Petit à petit, nous approchons, l'avion descend à un rythme régulier.
Je distingue de mieux en mieux cette large étendue, paysage de rêve.
On est déjà en finale, et je commence à m'étonner de l'attitude de l'appareil.
Il ne me semble pas qu'on ait ralenti, et les becs et volets sont toujours sagement rentrés.
Pourtant, on approche. Que se passe-t-il devant ?!
Je garde le nez collé au hublot avec étonnement, on ne doit plus être qu'à mille pieds tout au plus.
Une arrivée rapide ? Il y a peut-être simplement du trafic qui se presse derrière nous.
On descend, toujours en lisse. Peut-être une panne de volets ? Et la vitesse, une fausse impression ?
J'essaie de me rassurer... Difficile, surtout qu'on est maintenant très près, et je n'ai pas entendu les trains sortir.
Pourtant, impossible de louper un atterrissage sur une surface si plane, si large, si longue, si paisible. Le temps est au beau fixe et le vent parait sage.
Cinquante pieds, trop tard pour le train, cette fois ci, il n'y a plus qu'à tenter un atterrissage sur le ventre, après tout, cela peut réussir.
Mais comme le reste, l'arrondi se fait attendre, on continue à descendre comme si la piste était encore loin.
On va se louper, désormais, c'est sûr !
Impact ! On passe au travers. Vu son poids, l'avion perfore littéralement la surface, pas un bruit, mais on ne voit plus rien par le hublot.

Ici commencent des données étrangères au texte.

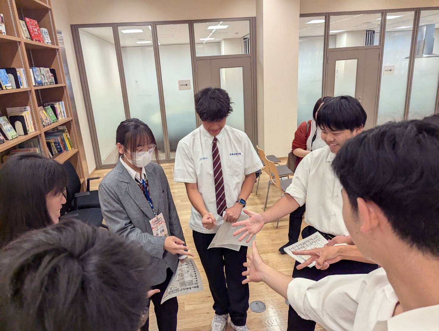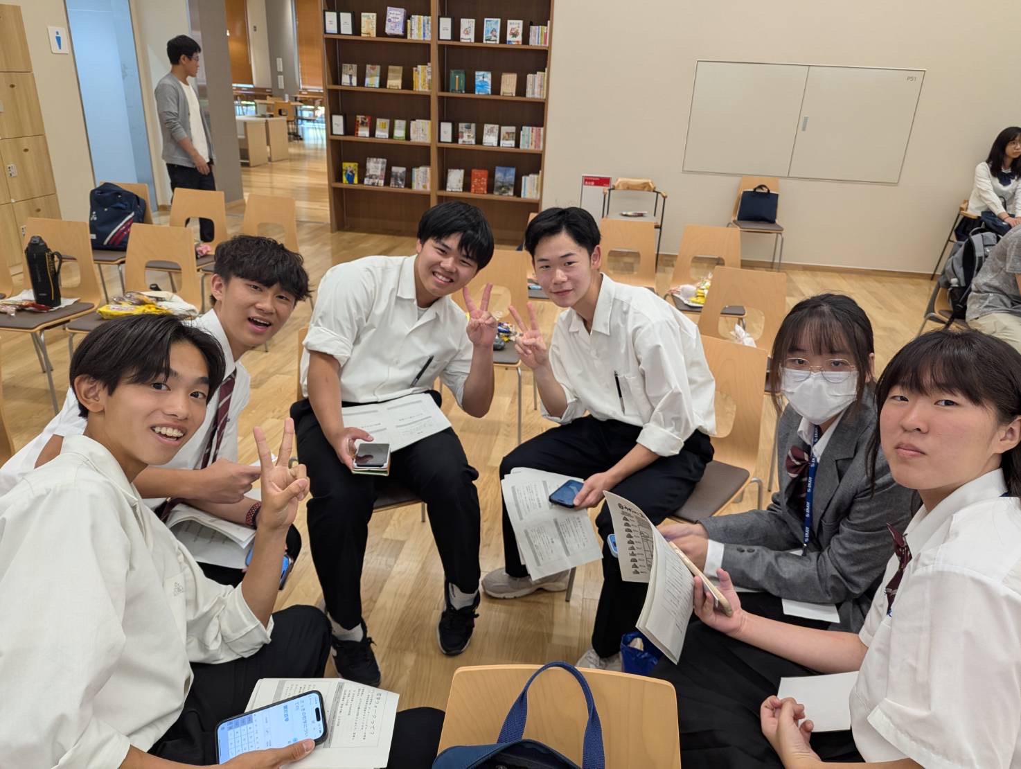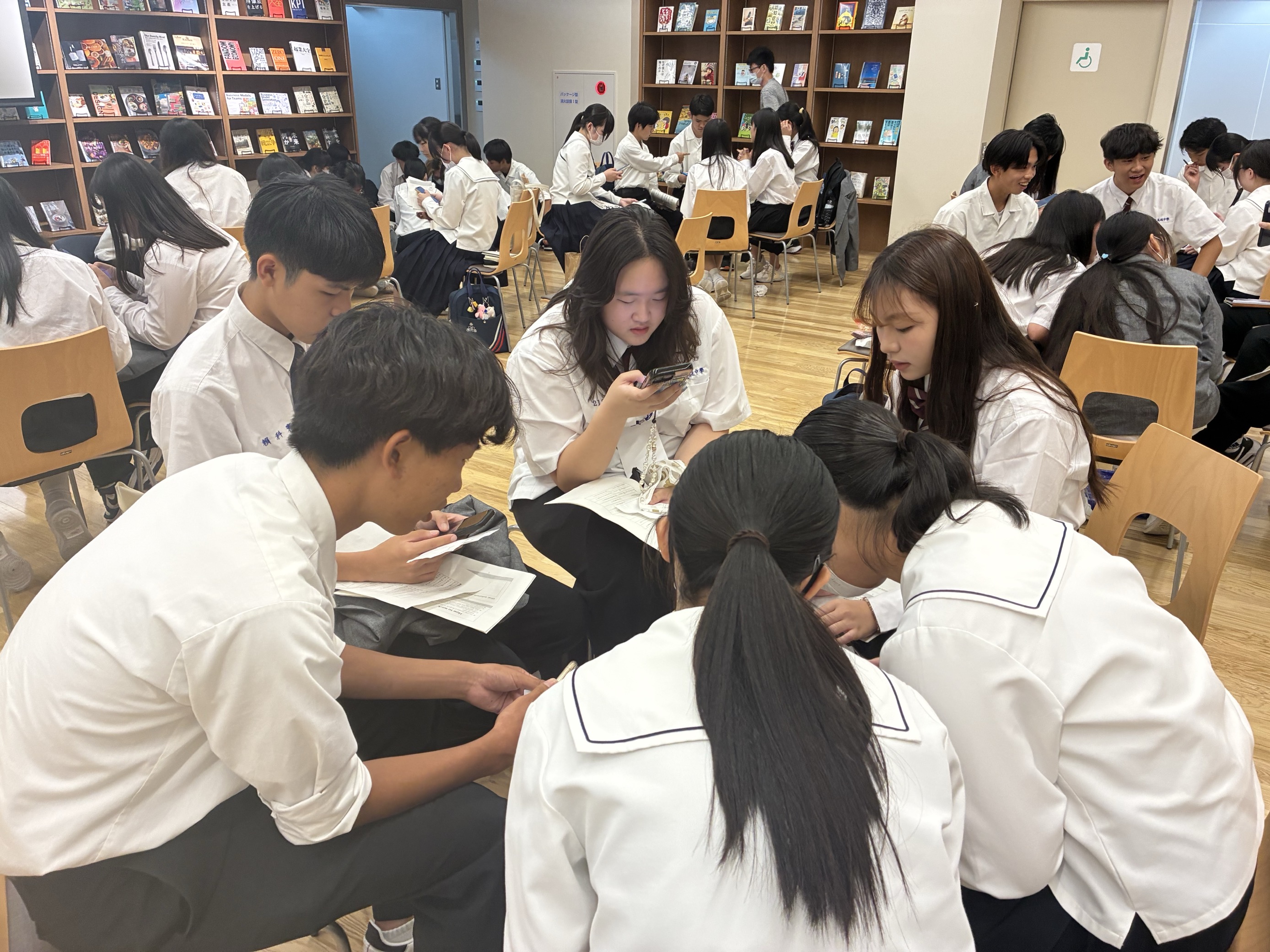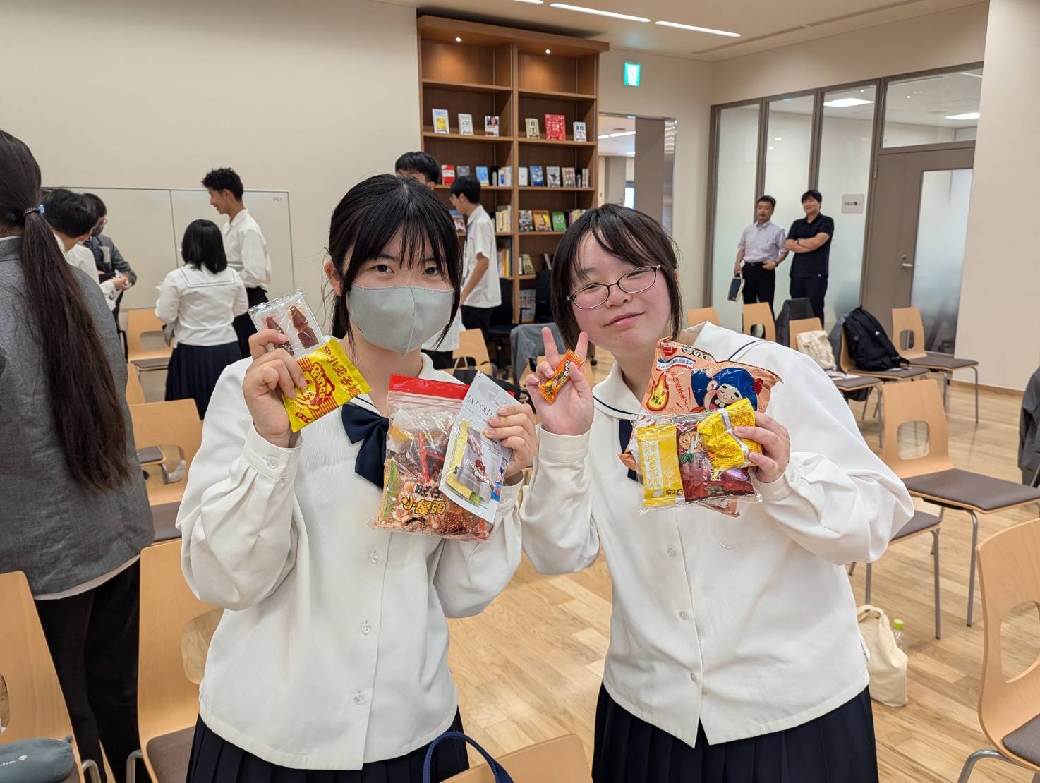 しかし、懸命に英語を話して伝えようとしたり、翻訳アプリを用いることで自分の気持ちを相手に伝えようとしたりと頑張りました。さらに修学旅行生の皆さんから台湾のお菓子を頂き、とても和やかな雰囲気の中で活動を行うことができました。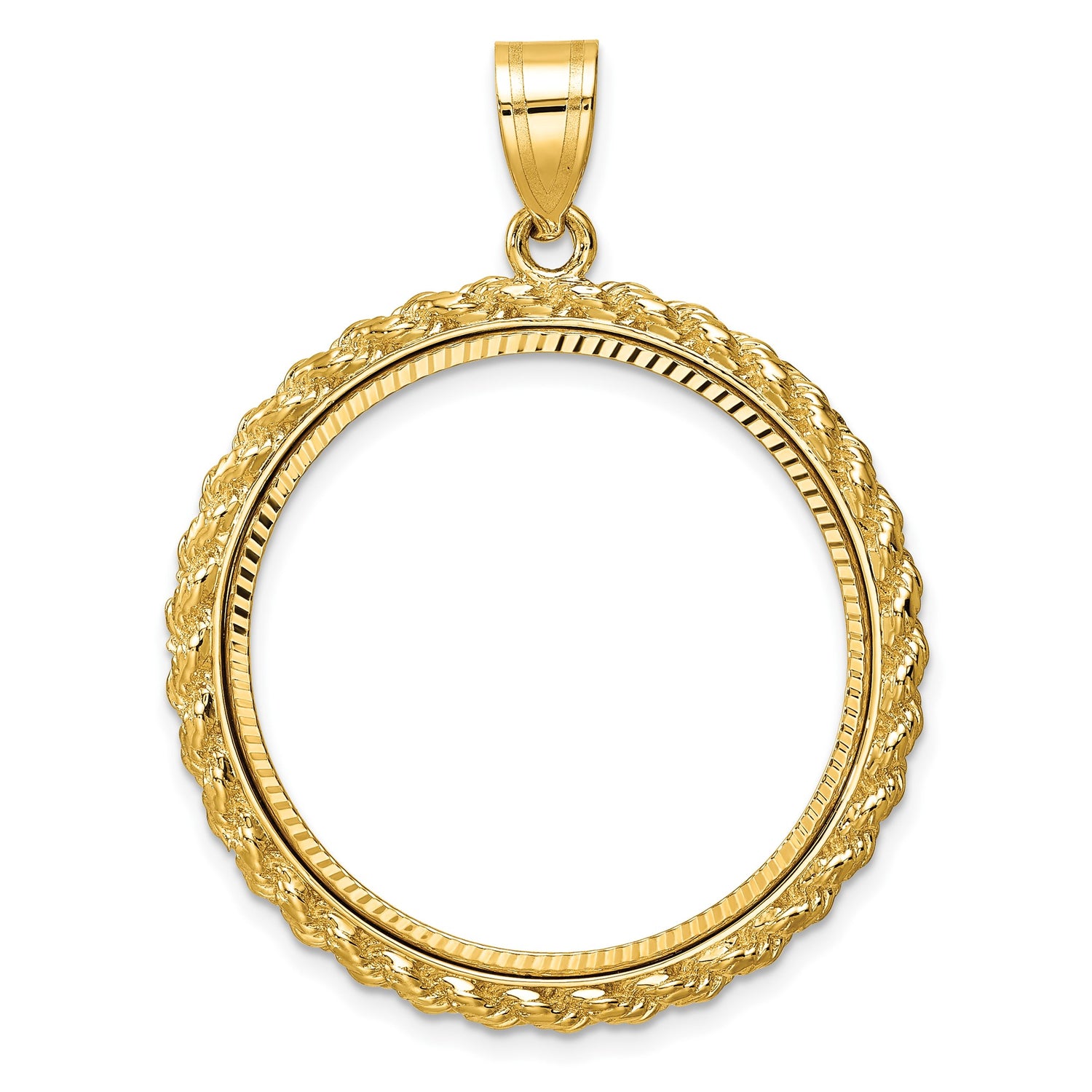 27 mm Coin Bezel Pendant Prong Set Diamond-Cut Polished Rope in 10k Yellow Gold

Période de trouble, puis, quelques dizaines de secondes plus tard (une éternité), on sort de la couche, ci-dessous, l'Islande se dessine.
Je suis très déçu, les nuages présentaient une surface si plane aujourd'hui qu'il était forcément possible de s'y poser.
Les pilotes n'ont rient essayé, ils nous ont fait loupé une bien belle occasion !
Je leur en veux, le pire, c'est qu'ils ne se sont peut-être même rendu compte de rien...
Encore une fois, on sera contraint d'atterrir sur terre.